09.12.09

07:45:00, Catégories: Test / Critique  

par Nicore

L'immmoralità

Avec son sujet sulfureux et son traitement partiellement graphique, ce L’immoralità, réalisé par l’italien Massimo Pirri, fait partie de ces films que l’on ne pourrait plus produire aujourd’hui, mais pour autant le métrage ne se complaira pas dans un aspect graveleux pour au contraire nous dresser le portrait d’une galerie de personnages tous plus immoraux et pervertis les uns que les autres où l’innocence de l’enfance en sortira bafouée, mais pas de la manière attendue, pour un "jeu" furieusement malsain et même provocateur qui n’épargnera personne.
Le script va laisser un pédophile violeur et meurtrier de jeunes filles blessé et en fuite trouver refuge dans une propriété bourgeoise où il va être recueillie par la fille de la maison, une jeune fille pré pubère qui va le cacher et le soigner. Mais ce sera sans compter sur la mère de la fillette, une femme pervertie, aigrie et nymphomane voulant plus que tout se débarrasser de son mari handicapé et proche de la mort.
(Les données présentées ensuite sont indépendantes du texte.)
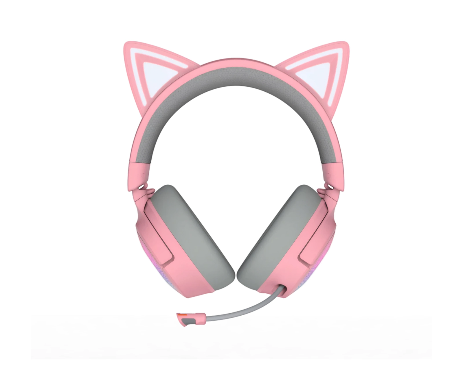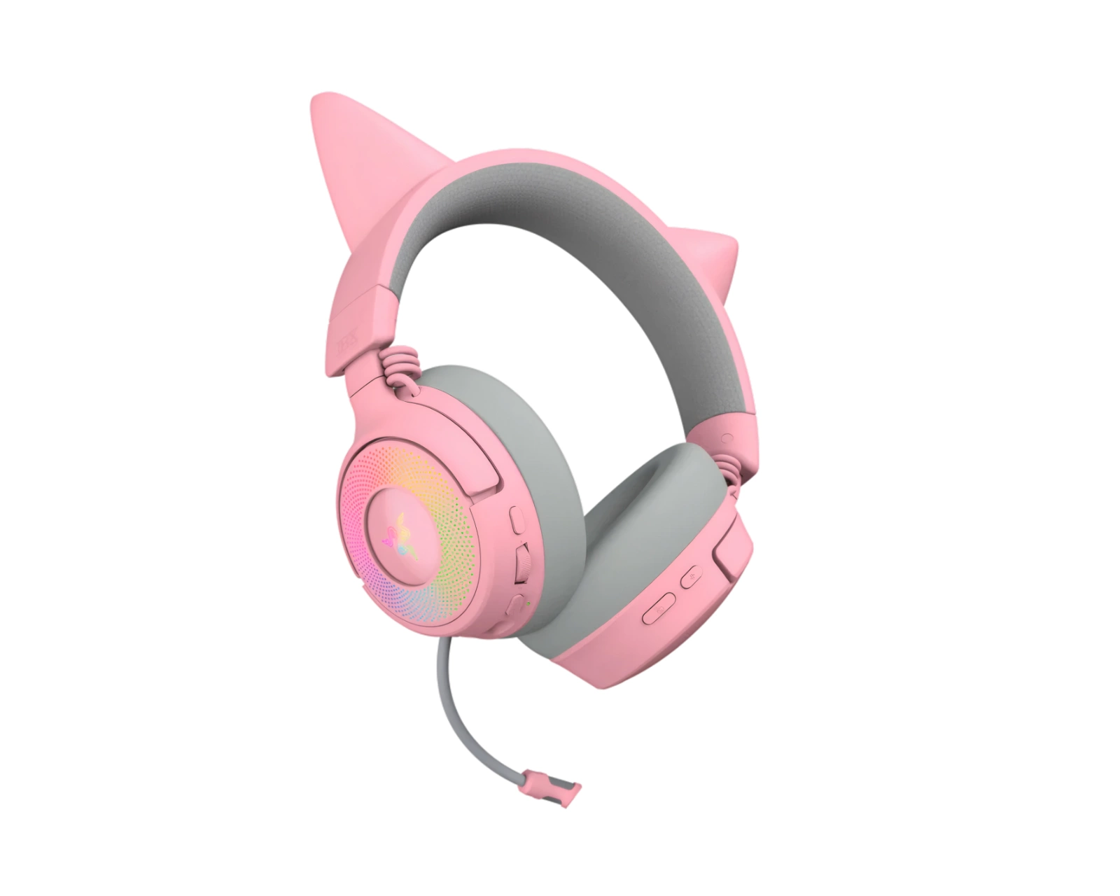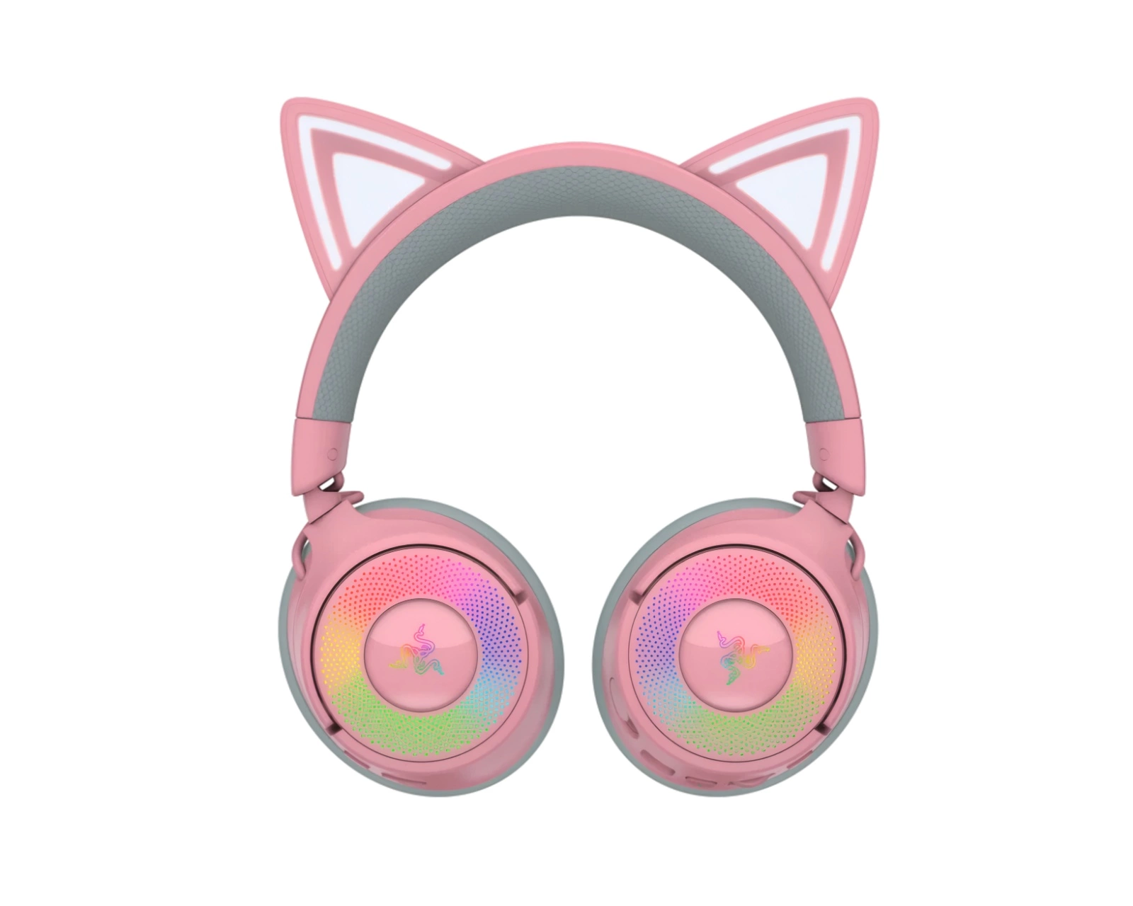Kraken Kitty V3 Pro is a wireless gaming headset from Razer, designed with distinctive cat ears and Razer Chroma™ RGB lighting. It offers three different connection modes, including 2.4 GHz and Bluetooth 5.3, as well as a super-wide microphone for clear sound reproduction. This headset targets gamers looking for style and functionality during their gaming experience.The headset features protein leather ear cushions with memory foam for increased comfort and sound isolation. The flexible and detachable Razer™ HyperClear microphone has a wide frequency response which ensures that the user's voice is reproduced clearly. Razer™ TriForce Titanium 40 mm drivers provide a listening experience with distinct highs, smooth mids, and deep bass, resulting in clear and balanced sound. The device supports THX Spatial Audio for 7.1 surround sound, providing a more immersive gaming experience.

L'immmoralitàDès sa première séquence, le métrage va choquer en avançant directement Federico, cet assassin d'enfants que nous découvrirons portant une jeune fille morte dans ses bras qu'il va s'empresser d'enterrer, sans que la nature de son méfait soit équivoque, la petite victime ayant sa petite culotte descendue jusqu'aux mollets. Notre homme va ensuite rejoindre son véhicule pour quitter les lieux mais il sera bien vite retrouvé par la police qui va le prendre en chasse pour finalement le forcer à s'arrêter, Federico s'enfuyant alors à pied pour n'être que blessé au bras par les tirs des policiers. Cette entame du métrage sera volontairement graphique, ignoble mais sans jamais chercher à en rajouter, pour avancer ce violeur d'enfants qui ne tardera pas à errer dans les bois, éreinté et aux abois.

L'immmoralitàLe métrage va alors s'intéresser à Simona, une gamine de onze ans qui nous sera présentée en compagnie de son père, un vieil homme handicapé évoluant dans son fauteuil roulant et ayant pour passion les armes à feu et les vieilles horloges qu'il réparera, mettant ainsi en avant une certaine complicité entre le père et sa fille. Simona s'en ira ensuite se balader dans le parc de la propriété familiale pour bien évidemment tomber sur Federico, installant de fait une tension palpable qui sera progressivement dégonflée lorsque nous verrons que Federico, mal en point, cherchera surtout à se cacher et non à abuser de la jeune fille qu'il réussira à amadouer, Simona lui offrant même une cachette en le conduisant dans un abri de jardin oublié de tous où elle va régulièrement jouer seule, montrant même à son invité certains jouets lors d'une séquence largement étrange et troublante, le spectateur connaissant la déviance de Federico.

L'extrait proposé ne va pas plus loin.